- _Exercise_: All pictures are to be skipped; retype only the lines from the top of the entries through the line with "Vintage Tailor Toyo", both included.

- _Saved data entries_:
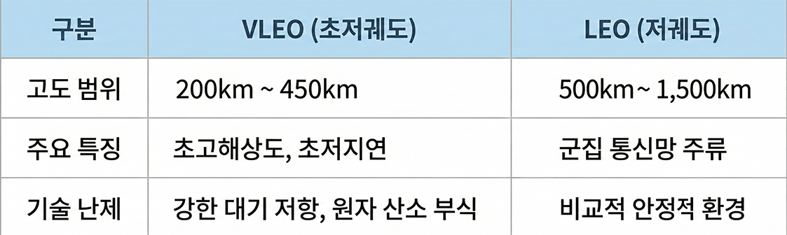 - '우주 쓰레기' 문제의 자연적 해결: 임무를 다한 VLEO 위성은 추진력을 잃는 순간 대기 저항에 의해 수개월 내에 궤도를 이탈하여 대기권에서 자연 연소됩니다. 가장 친환경적인 궤도입니다.
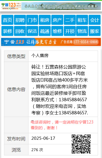 转让!五营森林公园旅游公园实验林场路口饭店+民宿饭店➕民宿占地400多平方米,拥有5间的客房1间自住房间饭店最近装修接手即可盈利联系方式:13845884657(随时欢迎来电咨询,实地考察)李女士13845884657 【电话咨询时,请一定说明在伊春信息网看到的,谢谢!】 |
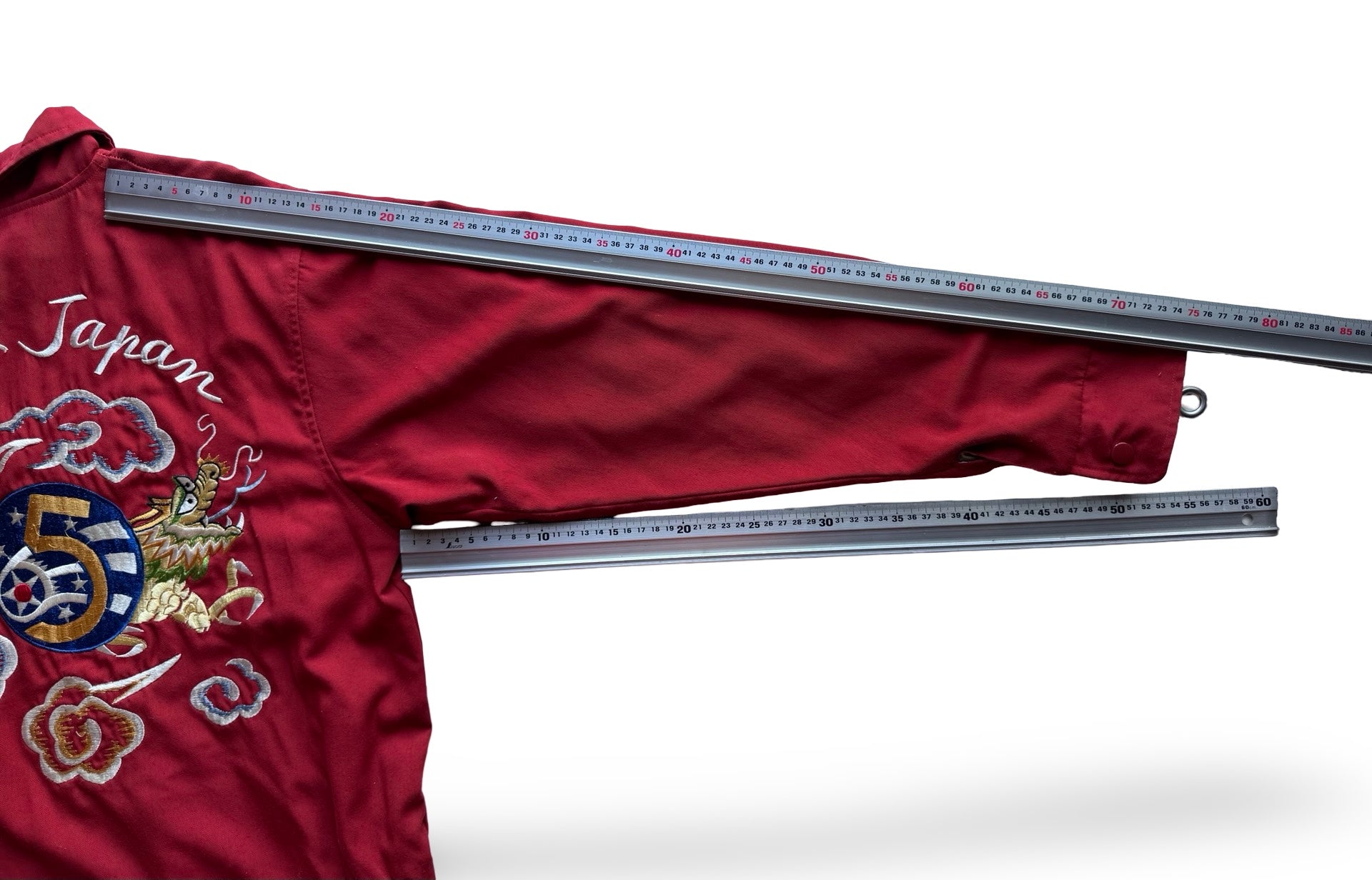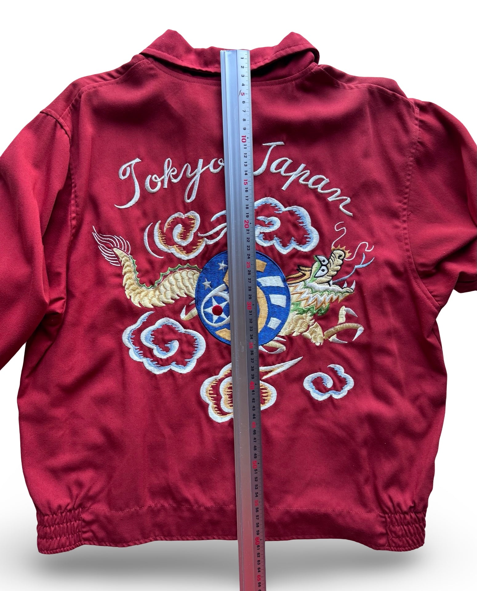 Vintage Tailor Toyo Dragon Souvenir Jacket — Tokyo Japan Embroidery • 5th Air Force Patch • Scarlet Red Sukajan (One-Side Only)
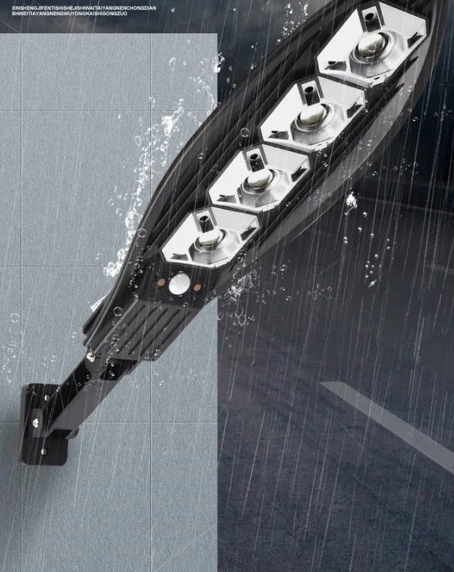مصباح خارجي LED يعمل بالطاقة الشمسية بقوة 80 واط وسطوع 3000 لومن, توفر مساحة إضاءة 140 مترًا مربعًا بفضل زاوية 120 - 160 درجة بعد الشحن 8 - 10 ساعات.
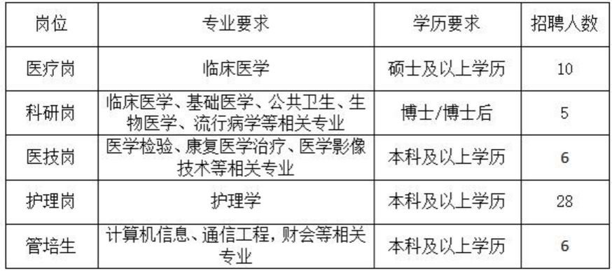 儿科、麻醉、病理、重症、急诊等专业紧缺人才,学历要求为本科及以上学历。
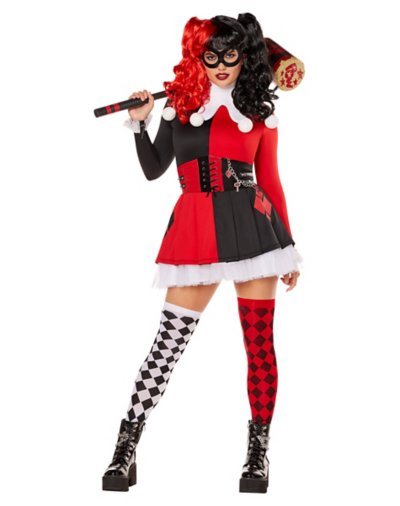 Become the Maid of Mischief herself this Halloween in this officially licensed Classic Harley Quinn Costume. This costume from our Signature Collection is the ultimate get-up to transform into your favorite DC Villain including Harley's classic red and black dress, white collar with attached pom poms, pleated cuffs, a black and red waist cinch with branded metal charms, a two-tone pigtails wig, a black eye mask, and diamond pattern socks to complete the iconic look. You'll love causing mayhem all over Gotham this Halloween in this Signature Harley Quinn costume. Officially licensed Includes: Dress with petticoat Stuffed collar with attached pom poms Pleated cuffs Waist cinch Wig Mask Socks Long sleeves Material: Polyester, p.

- _Result of this task_:
 - '우주 쓰레기' 문제의 자연적 해결: 임무를 다한 VLEO 위성은 추진력을 잃는 순간 대기 저항에 의해 수개월 내에 궤도를 이탈하여 대기권에서 자연 연소됩니다. 가장 친환경적인 궤도입니다.
 转让!五营森林公园旅游公园实验林场路口饭店+民宿饭店➕民宿占地400多平方米,拥有5间的客房1间自住房间饭店最近装修接手即可盈利联系方式:13845884657(随时欢迎来电咨询,实地考察)李女士13845884657 【电话咨询时,请一定说明在伊春信息网看到的,谢谢!】 |
 Vintage Tailor Toyo Dragon Souvenir Jacket — Tokyo Japan Embroidery • 5th Air Force Patch • Scarlet Red Sukajan (One-Side Only)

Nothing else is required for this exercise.